ACTION ITEM - Copy every record word for word. The images stay behind.

GIVEN DATA -
.....
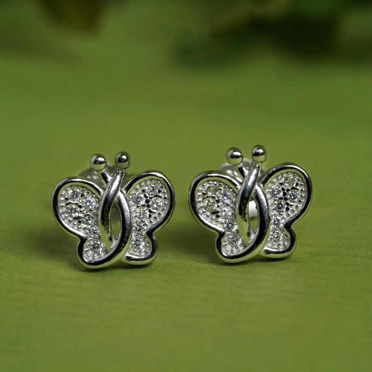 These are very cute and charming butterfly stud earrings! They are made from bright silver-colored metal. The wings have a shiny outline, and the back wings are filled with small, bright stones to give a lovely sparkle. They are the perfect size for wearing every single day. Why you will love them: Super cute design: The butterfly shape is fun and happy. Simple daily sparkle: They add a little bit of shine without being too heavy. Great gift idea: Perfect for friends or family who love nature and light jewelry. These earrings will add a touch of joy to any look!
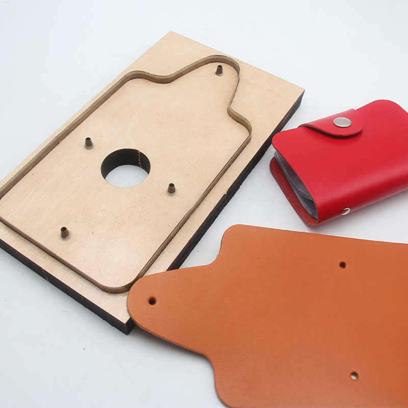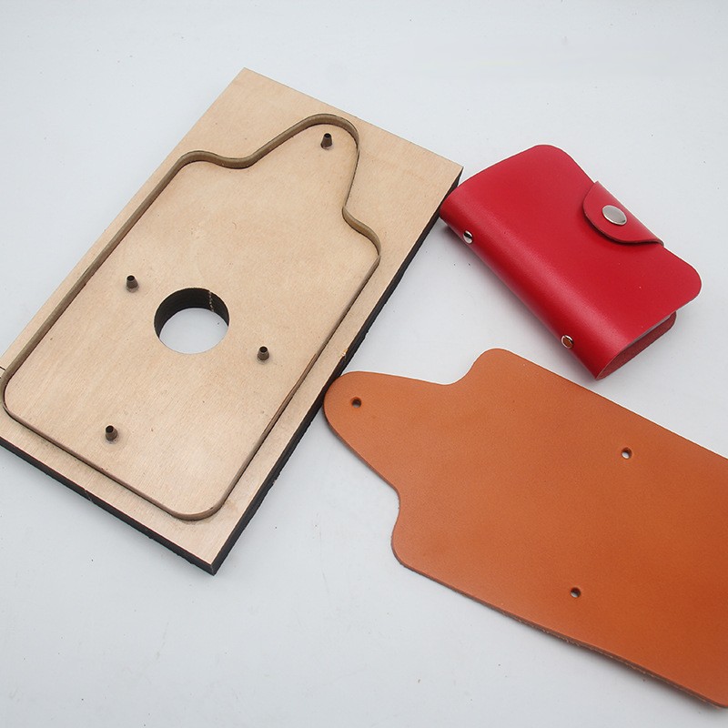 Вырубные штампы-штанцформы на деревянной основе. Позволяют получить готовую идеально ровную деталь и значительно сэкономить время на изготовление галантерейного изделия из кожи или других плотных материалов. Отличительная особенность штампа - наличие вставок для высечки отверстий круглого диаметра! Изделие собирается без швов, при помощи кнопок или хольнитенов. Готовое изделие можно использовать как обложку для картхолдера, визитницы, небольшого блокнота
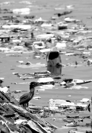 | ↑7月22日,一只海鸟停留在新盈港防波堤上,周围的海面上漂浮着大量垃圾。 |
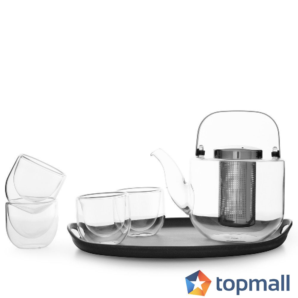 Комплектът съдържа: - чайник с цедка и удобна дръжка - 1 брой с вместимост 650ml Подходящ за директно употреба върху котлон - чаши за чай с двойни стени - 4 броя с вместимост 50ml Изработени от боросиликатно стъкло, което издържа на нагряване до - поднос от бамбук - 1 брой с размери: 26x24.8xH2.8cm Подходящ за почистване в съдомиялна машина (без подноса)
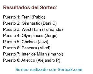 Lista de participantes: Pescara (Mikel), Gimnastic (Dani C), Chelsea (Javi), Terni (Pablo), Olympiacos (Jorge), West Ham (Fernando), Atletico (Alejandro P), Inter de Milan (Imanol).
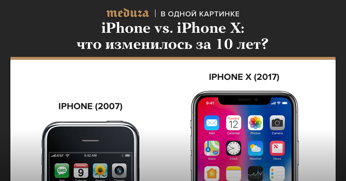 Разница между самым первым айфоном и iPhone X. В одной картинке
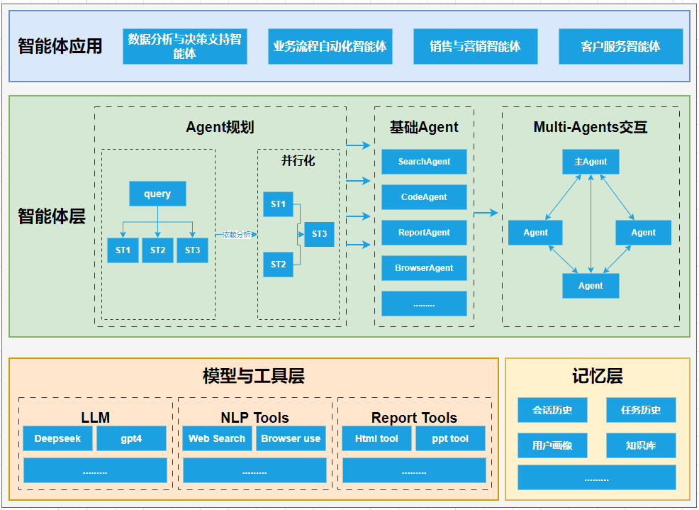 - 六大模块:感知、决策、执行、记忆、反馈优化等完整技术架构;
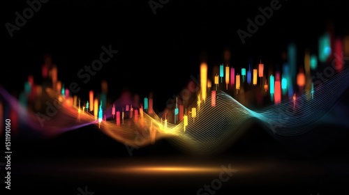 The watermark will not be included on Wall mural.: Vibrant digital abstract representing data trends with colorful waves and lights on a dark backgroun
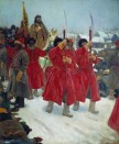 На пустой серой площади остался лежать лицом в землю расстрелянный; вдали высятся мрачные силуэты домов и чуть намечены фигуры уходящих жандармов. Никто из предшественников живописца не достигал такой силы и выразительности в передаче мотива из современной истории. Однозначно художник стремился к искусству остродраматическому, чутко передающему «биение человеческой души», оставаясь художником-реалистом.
.....
ANSWER BOX -
 These are very cute and charming butterfly stud earrings! They are made from bright silver-colored metal. The wings have a shiny outline, and the back wings are filled with small, bright stones to give a lovely sparkle. They are the perfect size for wearing every single day. Why you will love them: Super cute design: The butterfly shape is fun and happy. Simple daily sparkle: They add a little bit of shine without being too heavy. Great gift idea: Perfect for friends or family who love nature and light jewelry. These earrings will add a touch of joy to any look!
 Вырубные штампы-штанцформы на деревянной основе. Позволяют получить готовую идеально ровную деталь и значительно сэкономить время на изготовление галантерейного изделия из кожи или других плотных материалов. Отличительная особенность штампа - наличие вставок для высечки отверстий круглого диаметра! Изделие собирается без швов, при помощи кнопок или хольнитенов. Готовое изделие можно использовать как обложку для картхолдера, визитницы, небольшого блокнота
 | ↑7月22日,一只海鸟停留在新盈港防波堤上,周围的海面上漂浮着大量垃圾。 |
 Комплектът съдържа: - чайник с цедка и удобна дръжка - 1 брой с вместимост 650ml Подходящ за директно употреба върху котлон - чаши за чай с двойни стени - 4 броя с вместимост 50ml Изработени от боросиликатно стъкло, което издържа на нагряване до - поднос от бамбук - 1 брой с размери: 26x24.8xH2.8cm Подходящ за почистване в съдомиялна машина (без подноса)
 Lista de participantes: Pescara (Mikel), Gimnastic (Dani C), Chelsea (Javi), Terni (Pablo), Olympiacos (Jorge), West Ham (Fernando), Atletico (Alejandro P), Inter de Milan (Imanol).
 Разница между самым первым айфоном и iPhone X. В одной картинке
 - 六大模块:感知、决策、执行、记忆、反馈优化等完整技术架构;
 The watermark will not be included on Wall mural.: Vibrant digital abstract representing data trends with colorful waves and lights on a dark backgroun
 На пустой серой площади остался лежать лицом в землю расстрелянный; вдали высятся мрачные силуэты домов и чуть намечены фигуры уходящих жандармов. Никто из предшественников живописца не достигал такой силы и выразительности в передаче мотива из современной истории. Однозначно художник стремился к искусству остродраматическому, чутко передающему «биение человеческой души», оставаясь художником-реалистом.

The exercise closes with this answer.